Records from a data collection:
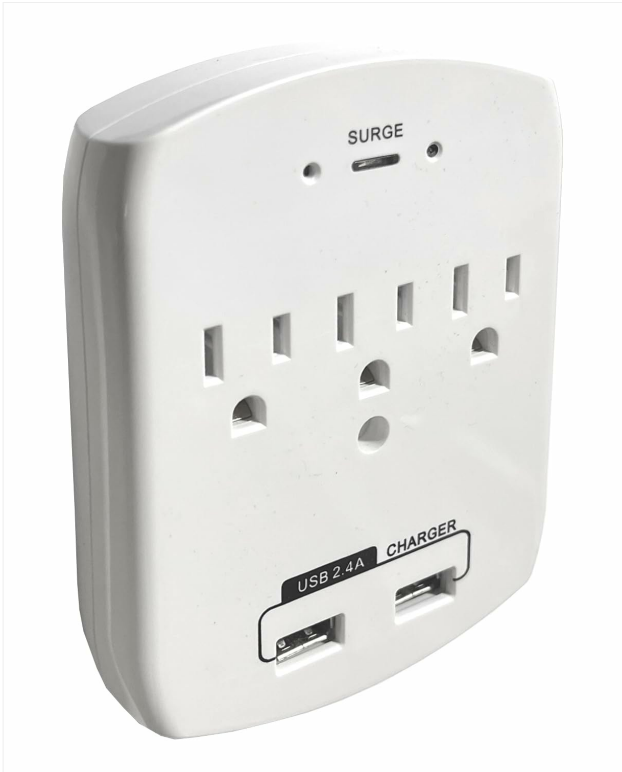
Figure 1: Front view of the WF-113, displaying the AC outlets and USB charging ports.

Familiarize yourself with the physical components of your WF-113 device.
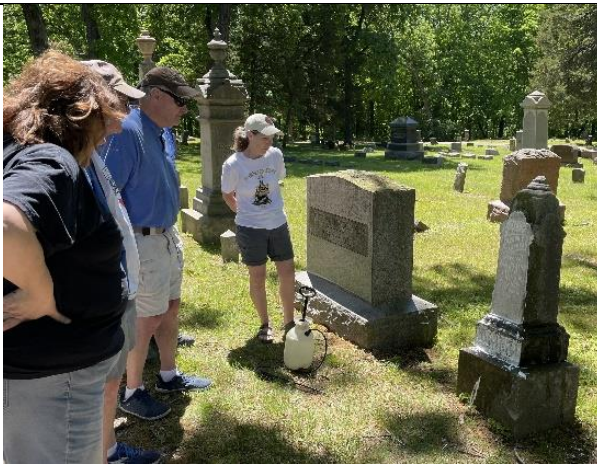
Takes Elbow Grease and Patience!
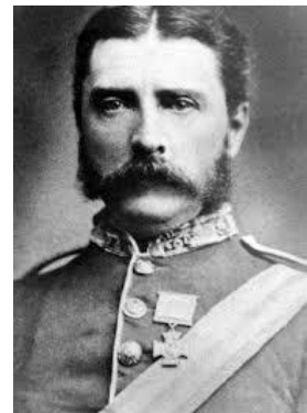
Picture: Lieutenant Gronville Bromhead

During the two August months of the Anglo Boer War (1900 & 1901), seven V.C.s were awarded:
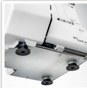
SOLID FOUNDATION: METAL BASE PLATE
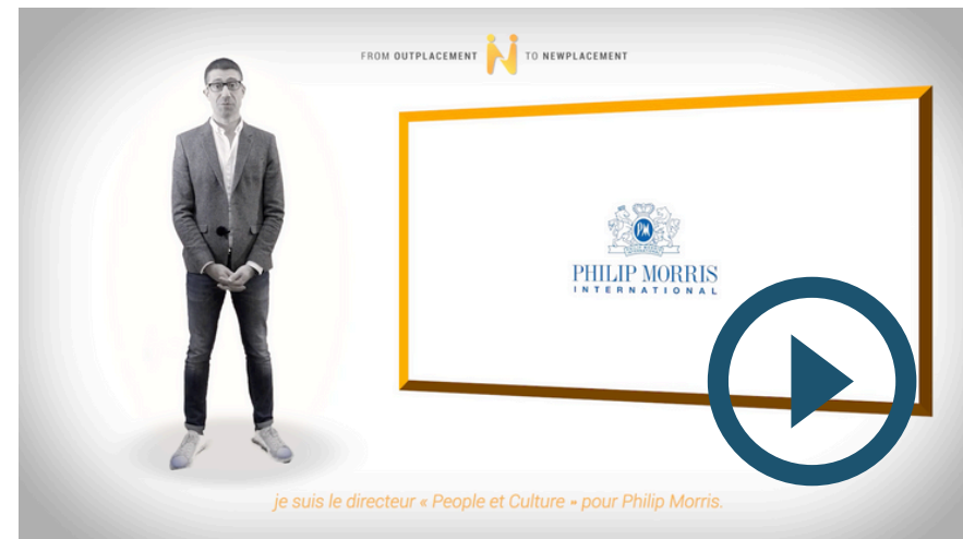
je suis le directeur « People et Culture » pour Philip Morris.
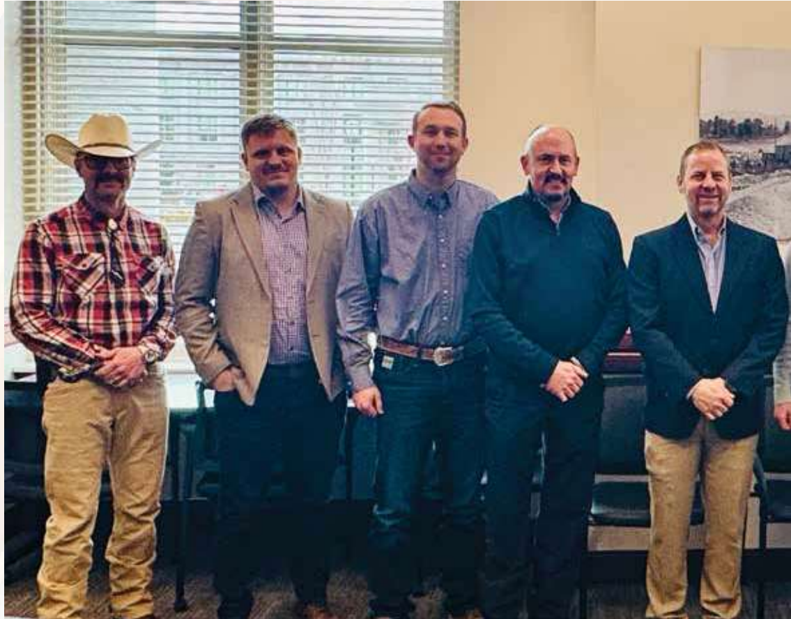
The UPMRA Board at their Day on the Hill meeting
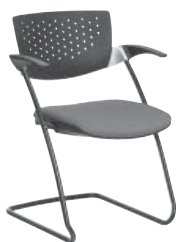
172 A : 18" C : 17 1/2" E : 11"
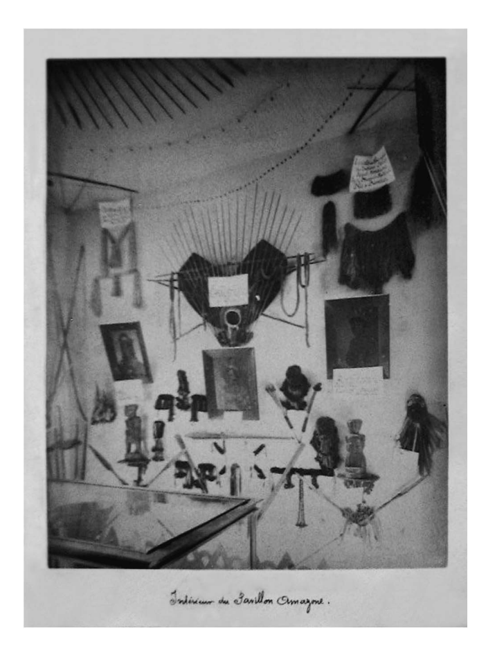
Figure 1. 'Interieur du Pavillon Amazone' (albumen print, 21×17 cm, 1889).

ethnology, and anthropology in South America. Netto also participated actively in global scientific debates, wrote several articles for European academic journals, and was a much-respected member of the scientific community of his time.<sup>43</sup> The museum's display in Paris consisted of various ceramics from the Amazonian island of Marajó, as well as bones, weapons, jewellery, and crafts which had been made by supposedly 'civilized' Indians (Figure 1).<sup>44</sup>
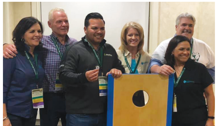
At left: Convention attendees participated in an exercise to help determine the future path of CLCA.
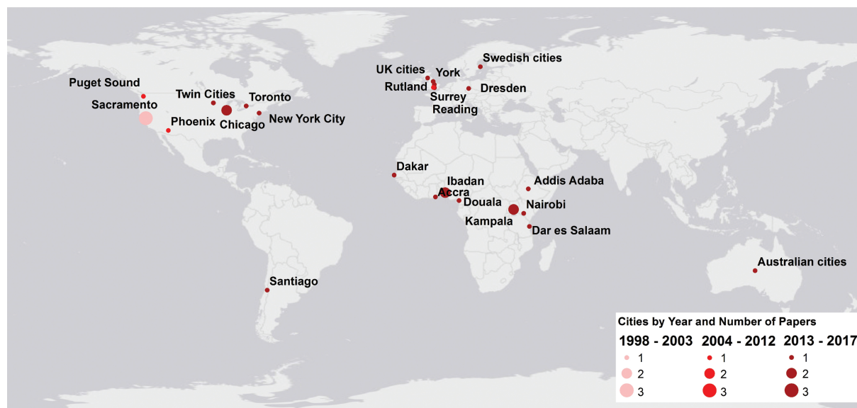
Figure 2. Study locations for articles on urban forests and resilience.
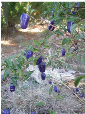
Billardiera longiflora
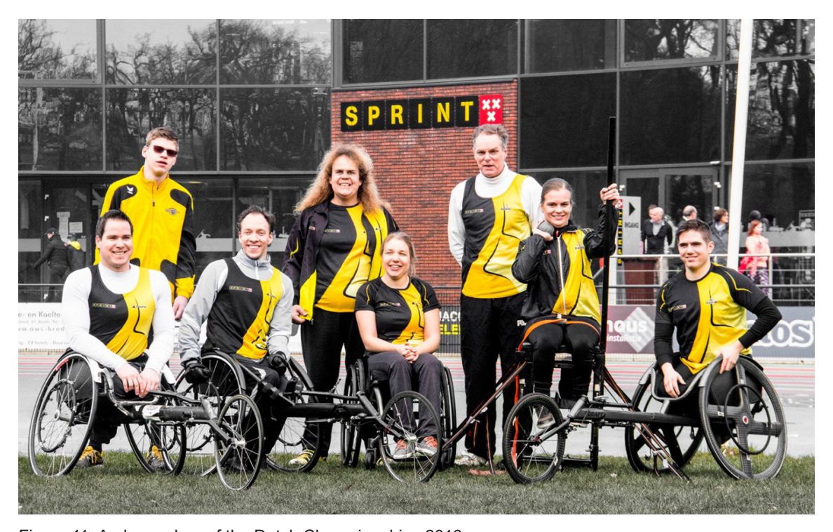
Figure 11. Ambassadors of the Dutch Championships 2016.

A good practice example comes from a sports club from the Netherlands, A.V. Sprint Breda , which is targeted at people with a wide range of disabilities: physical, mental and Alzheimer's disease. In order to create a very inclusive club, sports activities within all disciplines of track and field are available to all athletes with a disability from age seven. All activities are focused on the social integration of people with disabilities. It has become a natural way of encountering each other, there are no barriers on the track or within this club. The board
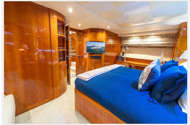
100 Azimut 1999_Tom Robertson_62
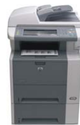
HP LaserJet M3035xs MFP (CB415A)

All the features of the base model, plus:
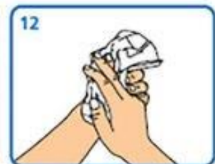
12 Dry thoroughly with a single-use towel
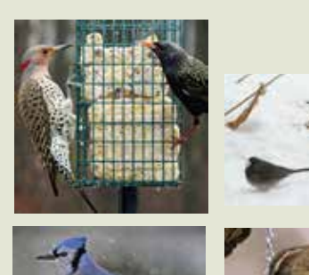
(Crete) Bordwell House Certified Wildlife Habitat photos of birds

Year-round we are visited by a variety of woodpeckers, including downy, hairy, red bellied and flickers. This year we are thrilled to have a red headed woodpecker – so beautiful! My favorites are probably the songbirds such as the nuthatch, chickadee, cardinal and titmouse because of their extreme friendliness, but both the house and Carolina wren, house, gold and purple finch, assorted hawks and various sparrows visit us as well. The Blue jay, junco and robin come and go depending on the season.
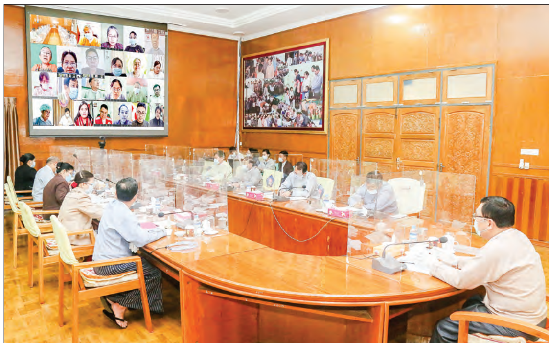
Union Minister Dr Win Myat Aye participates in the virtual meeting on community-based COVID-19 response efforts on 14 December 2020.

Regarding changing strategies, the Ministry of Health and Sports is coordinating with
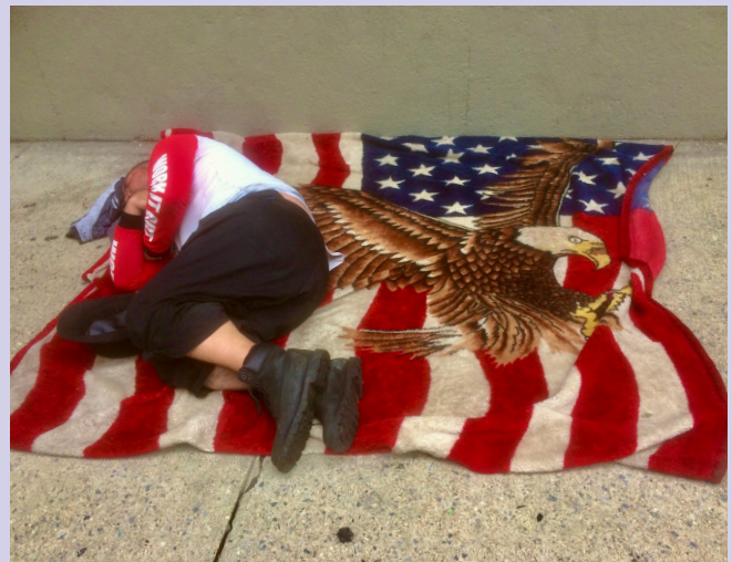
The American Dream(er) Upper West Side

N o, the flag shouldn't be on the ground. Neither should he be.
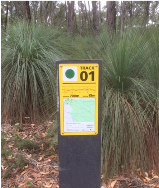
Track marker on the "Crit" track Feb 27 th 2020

REQUIRED WORK: Please output every record above exactly. Leave the pictures out.

ANSWER SECTION:
Figure 1: Front view of the WF-113, displaying the AC outlets and USB charging ports.

Familiarize yourself with the physical components of your WF-113 device.
Takes Elbow Grease and Patience!
Picture: Lieutenant Gronville Bromhead

During the two August months of the Anglo Boer War (1900 & 1901), seven V.C.s were awarded:
SOLID FOUNDATION: METAL BASE PLATE
je suis le directeur « People et Culture » pour Philip Morris.
The UPMRA Board at their Day on the Hill meeting
172 A : 18" C : 17 1/2" E : 11"
Figure 1. 'Interieur du Pavillon Amazone' (albumen print, 21×17 cm, 1889).

ethnology, and anthropology in South America. Netto also participated actively in global scientific debates, wrote several articles for European academic journals, and was a much-respected member of the scientific community of his time.<sup>43</sup> The museum's display in Paris consisted of various ceramics from the Amazonian island of Marajó, as well as bones, weapons, jewellery, and crafts which had been made by supposedly 'civilized' Indians (Figure 1).<sup>44</sup>
At left: Convention attendees participated in an exercise to help determine the future path of CLCA.
Figure 2. Study locations for articles on urban forests and resilience.
Billardiera longiflora
Figure 11. Ambassadors of the Dutch Championships 2016.

A good practice example comes from a sports club from the Netherlands, A.V. Sprint Breda , which is targeted at people with a wide range of disabilities: physical, mental and Alzheimer's disease. In order to create a very inclusive club, sports activities within all disciplines of track and field are available to all athletes with a disability from age seven. All activities are focused on the social integration of people with disabilities. It has become a natural way of encountering each other, there are no barriers on the track or within this club. The board
100 Azimut 1999_Tom Robertson_62
HP LaserJet M3035xs MFP (CB415A)

All the features of the base model, plus:
12 Dry thoroughly with a single-use towel
(Crete) Bordwell House Certified Wildlife Habitat photos of birds

Year-round we are visited by a variety of woodpeckers, including downy, hairy, red bellied and flickers. This year we are thrilled to have a red headed woodpecker – so beautiful! My favorites are probably the songbirds such as the nuthatch, chickadee, cardinal and titmouse because of their extreme friendliness, but both the house and Carolina wren, house, gold and purple finch, assorted hawks and various sparrows visit us as well. The Blue jay, junco and robin come and go depending on the season.
Union Minister Dr Win Myat Aye participates in the virtual meeting on community-based COVID-19 response efforts on 14 December 2020.

Regarding changing strategies, the Ministry of Health and Sports is coordinating with
The American Dream(er) Upper West Side

N o, the flag shouldn't be on the ground. Neither should he be.
Track marker on the "Crit" track Feb 27 th 2020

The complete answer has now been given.